Вера Дробинская в кругу семьи

Проверка, произведенная следственным комитетом, ни один из криминальных «сигналов» не подтвердила; в деятельности администрации нашли немалое количество административных нарушений, но на «уголовку» материала не хватило, – во всяком случае, пока. Эфиры тоже что-то обнажили: и директор не совсем чудовище, и волонтеры, бывает, ошибаются. Из Астрахани последовали опровержения и встречные версии, волонтеров обвинили в лоббировании каких-то интересов каких-то инвесторов турбизнеса (хорош туризм при грунтовой дороге и близ ракетного полигона!). Так часть публики осталась в уверенности, что «нет правды на земле», тем более нет ее в Астраханской области; другая же посчитала разночиновское дело эффектным «набросом на вентилятор». Дело выбора: фактура в этом скандале такая, что ее можно вывернуть в любую сторону. Можно описать, как кондовая, косная, «совковая» администрация не держит умственно отсталых детей за людей и обрекает их на тусклое, пусть и умеренно сытое, вегетативное существование. Можно описать, как смутьяны «с идейками» оклеветали честных тружеников тяжелейшего социального фронта, «святых людей», которые каждый день идут в этот ад, – и так далее. Хрестоматийный, казалось бы, конфликт между «системой» и «гражданским обществом» оказался гораздо больше собственного сюжета. Столкнулись два гуманитарных стандарта, две попечительские философии: сохранения и развития. И, по всему судя, это столкновение становится типовой коллизией в отношениях казенного и добровольческого секторов.

Гетто хранит деревню
Разночиновский интернат – выражение той системы, которая уже (худо-бедно) справляется с уходом за умственно отсталыми детьми, но еще не справляется с их реабилитацией. Тот скромный потенциал развития, который отпущен этим детям природой и Богом, остается почти невостребованным. Это центральная претензия. Остальное – обстоятельства и полемика о воле к «усилиям добра». Не справляется, потому что не может или потому что не хочет? И вообще, собирается ли справляться?

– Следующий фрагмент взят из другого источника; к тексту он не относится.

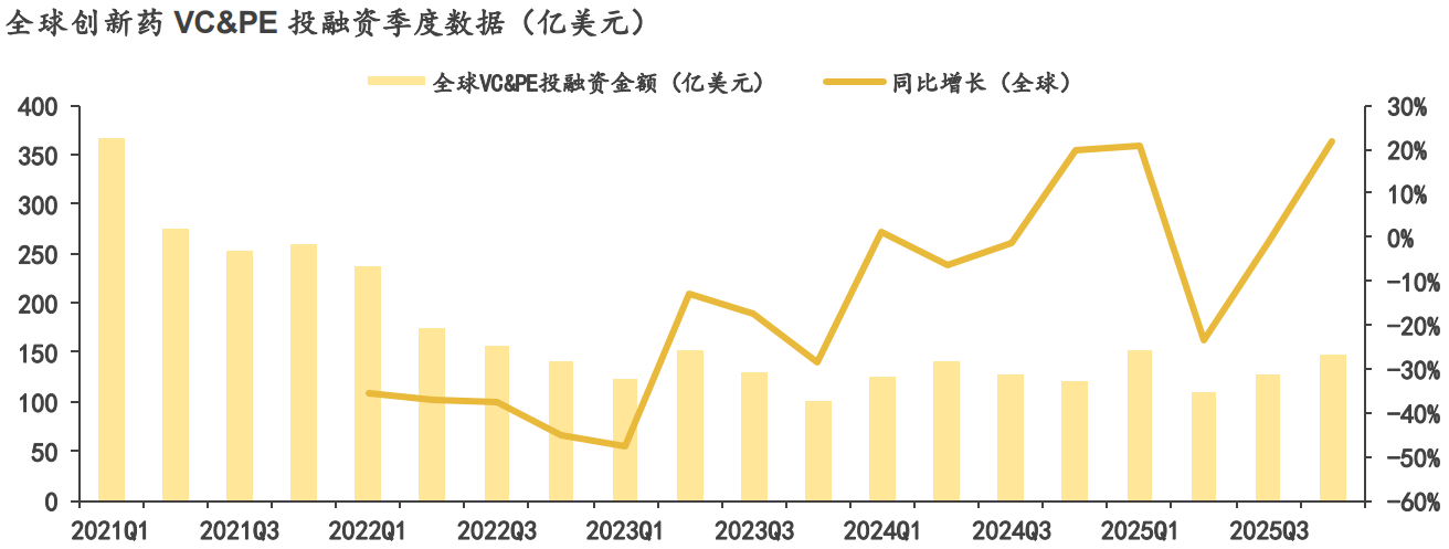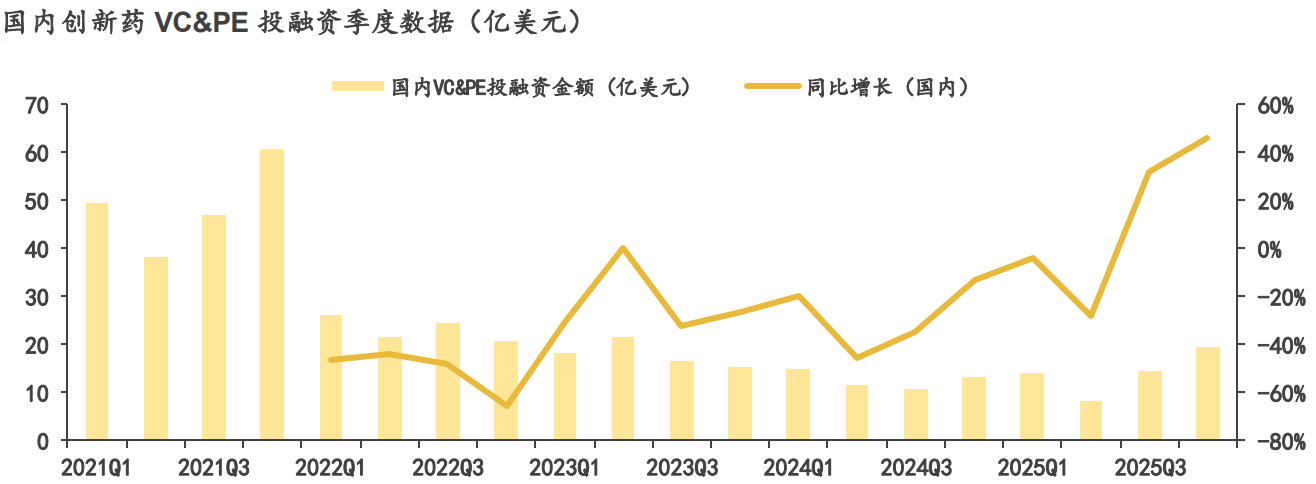 再看市场资金的态度,资本的嗅觉永远是最灵敏的。Crunchbase的数据显示,2025年四季度全球和国内创新药领域的VC&PE投融资金额,同比分别增长了22.05%和46.34%,而且增速比三季度还分别提升了23.59和13.97个百分点。这意味着不管是全球资本还是国内资本,都开始重新聚焦创新药赛道,资金的持续流入肯定会给板块带来估值修复的动力。加上2026年一季度还有JPM大会这样的行业盛会,到时候企业的商业化进展、海外授权的里程碑付款都会密集落地,这些都是实打实的股价催化剂。

Разночиновка – несомненное гетто, рудимент трусливого советского подхода к инвалидам «с глаз долой из сердца вон». К инвалидам «по психической части» – особенно вон и особенно долой. Масштаб тоже советский: не артель, а целый завод  – 250 воспитаннников. Интернат всего в 35 километрах от города, но отрезан от шоссе, и 15-километровая грунтовая «дорога жизни» почти безжизненна в межсезонье, – именно это обстоятельство делает практически невозможной стационарную работу нерядовых специалистов, например, дефектолога, физиотерапевта, – мало кто согласится переехать в резервацию, еще и известно за какую зарплату. Качество низового персонала, видимо, тоже оставляет желать: деревенские женщины наверняка без политесов, не говоря уж про специальные тонкие знания. Перевезти интернат на большую землю – прежде всего означает убить еще одно село, на этот раз немаленькое. Интернат с его золотым ресурсом – без малого 250 рабочих мест (персонала все-таки меньше, многие наверняка берут по 2 ставки, иначе как выжить?) – держит все село. Это чрезвычайно важный фактор; можно опять-таки спорить, что важнее – право больных детей на доступ к полноценной медицине и посильному обучению – или же право здоровых детей жить  в родном селе при неспившихся родителях. Конфликт интересов как будто надуманный, однако в конкретных условиях вопрос встает именно так, – и его надо проговаривать. В селе наверняка воспринимают столичные требования «закрыть или перевести в город» как покушение на будущее своих семей.
По сравнению с девяностыми, когда в один год умерли 18 воспитанников, – нынешнее состояние интерната рай и благодать. Хватает еды, платят зарплату, не текут трубы, зимой не холодно. Бюджет заведения – полтора миллиона долларов в год, живи не хочу. На взгляд горожанина все это – естественное состояние, дефолтное «так и должно быть, ничего особенного», по убеждению администрации – громадное достижение. Валентина Урузалиева – классический «красный директор», волонтеры – классические прогрессисты-новаторы. Крепкий, что называется, хозяйственник и прекрасные, часто просто героические девушки (организации «Невидимые дети» и «Милосердие») – носители гуманистического подхода, апологеты индивидуального внимания. Они привлекают корпоративных спонсоров, устраивают детей на операции, добиваются приезда врачей аж из РКДБ, собирают памперсы и привозят книги, пишут письма воспитанникам. Казалось бы, вот два идеальных тока – один организационно-обеспечивающий, другой развивающий. Почему же две силы, самим ходом вещей обреченные на сотрудничество, вступили в военные действия?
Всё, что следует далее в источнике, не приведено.